Впервые слова Поленьки задели, казалось, Вихляя за живое. Лицо его стало тверже, глаза сузились.

— Ты не знаешь, что мужчинам приходится выдерживать, — произнес он после некоторого молчания. — Я насмотрелся за войну и подумал: за одно то, что мужчинам приходится выносить, женщины должны всю жизнь их обхаживать, заботиться не покладая рук…

— Ах! Ах! — сказала Поленька. — Когда мы в Храмцеве хоронили Раечку Шамракулову, мать троих детей, и других женщин, убитых фашистским летчиком, я думала об обратном. Что же мы, как Кутузов, Москву сдадим? По-другому воевать не умеем?

— Никто Москву не думает сдавать, — сказал Вихляй. — А немца бьют! Гитлер хотел к этому времени войну уже закончить. А где он сейчас?

Поленька встала, сняла с плиты чайник. Она хоть понимала, что не только от Вихляя зависит, сдавать или не сдавать Москву, но его слова почему-то успокаивали.

Вихляй стал расспрашивать про Лену Широкову, про Лизку Мельникову, про других девчат и ребят. Поленька отвечала на его вопросы, стоя у плиты, рассказывала про школьного учителя физики Загогулю, который ушел на фронт, бросился в бою под танк и посмертно получил орден Красного Знамени.

— На самом деле у него была вполне нормальная фамилия, — сказала Поленька. — Но ребята его не любили и прозвали Загогулей.

— Сомов была его фамилия, — подсказал Вихляй. — Он страшно радовался, когда ученики отвечали правильно, и этим свой авторитет загубил навсегда.
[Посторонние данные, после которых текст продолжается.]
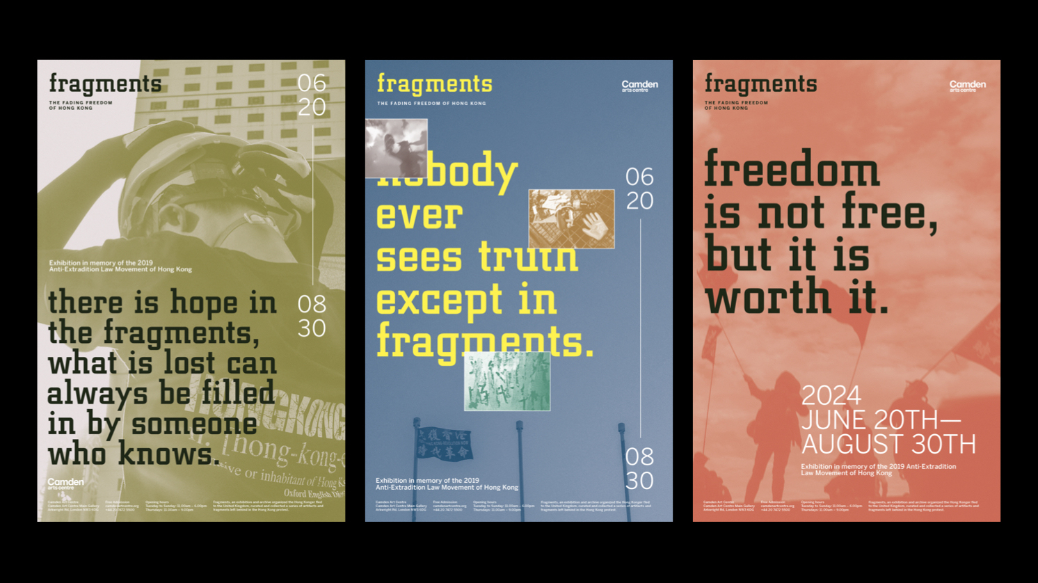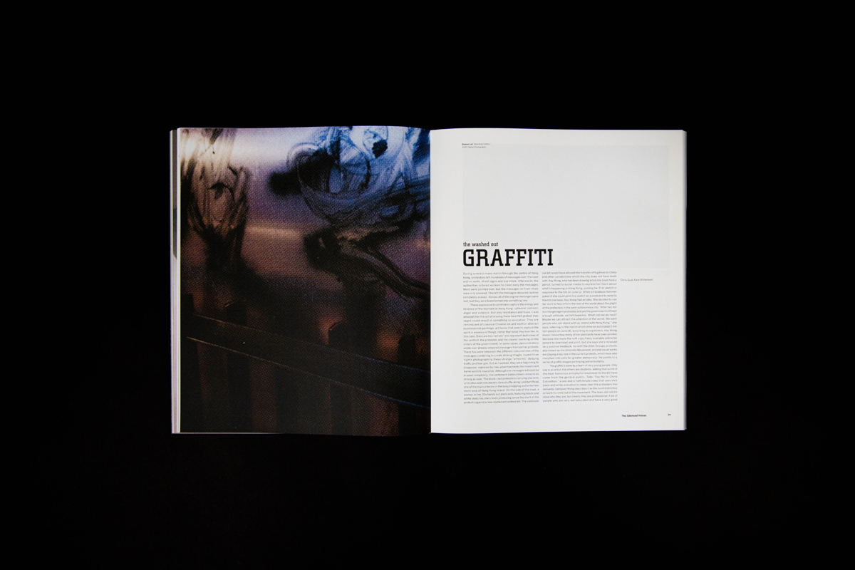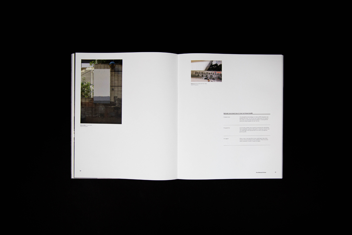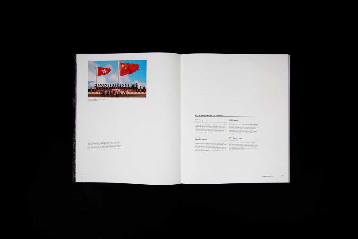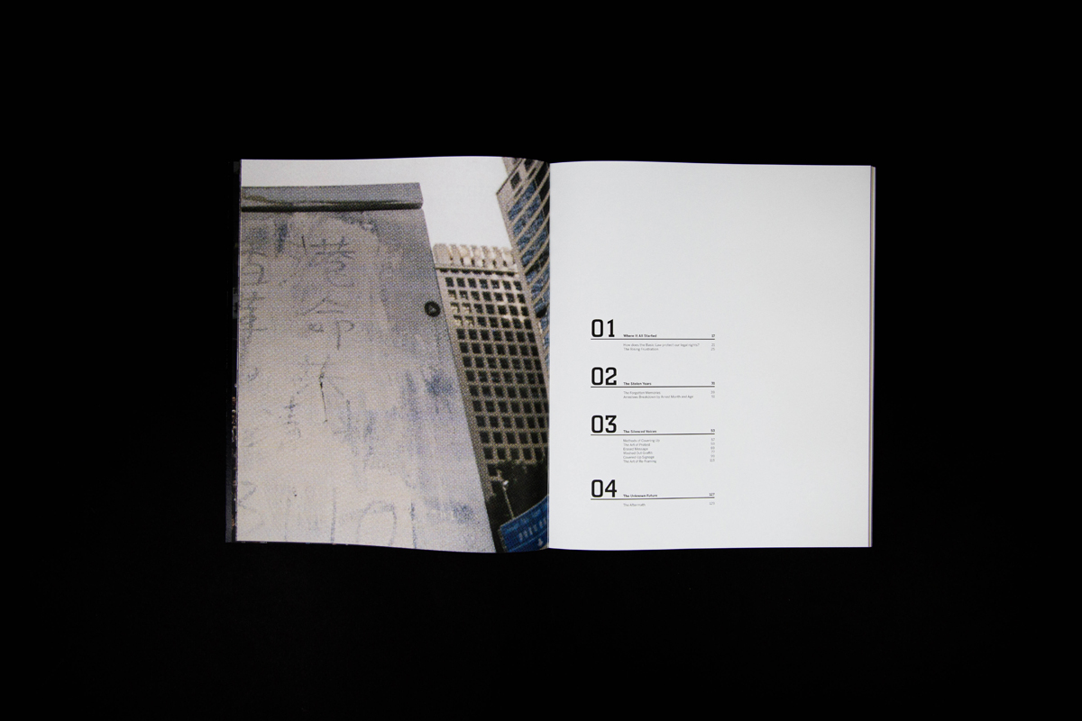 Fragments symbolize the fragmented memories, signs of protest, and division in society happening in Hong Kong over the past ten years. It also means looking into the “truth” from different angles, connecting the missing pieces, and came to together our own stories as people of Hong Kong. The book has 150 pages in total, printed at Nonstop Printing, and perfect bound was done on my own.

Едва они заговорили о другом, не связанном с войной, тревоги и досады у Поленьки как не бывало. Вихляй слушал внимательно, щурил выгоревшие от дыма ресницы. Иногда наступали минуты, когда полное единение мыслей и чувств охватывало их, они судили обо всем одинаково, понимали друг друга с полуслова, и Поленька думала, что никто никогда так не понимал ее. Она сама, когда говорил Вихляй, поддерживала это понимание взглядом, улыбкой, наклоном головы. И взгляды и чувства вовсе не были связаны с тем, что Вихляй говорил. Иногда она не слышала его, а думала о своем, вспоминая давний приезд в Сосновку, первую встречу с Вихляем, представляла Павлика, стараясь добраться до самой сути тех событий, после которых с ней остался Павлик, а не Вихляй. Она удивлялась этому, потому что человек, сидевший перед ней, был ближе и говорил понятнее, чем Павлик. В его присутствии она могла расслабиться и отдыхать, не думая ни о чем. А при Павлике, который был ниже Вихляя по интеллекту, она всегда держалась начеку, в напряжении, точно боялась поступиться свободой, боролась за свою самостоятельность, на которую он в принципе не посягал. Она меньше была уверена в его любви — вот в чем дело.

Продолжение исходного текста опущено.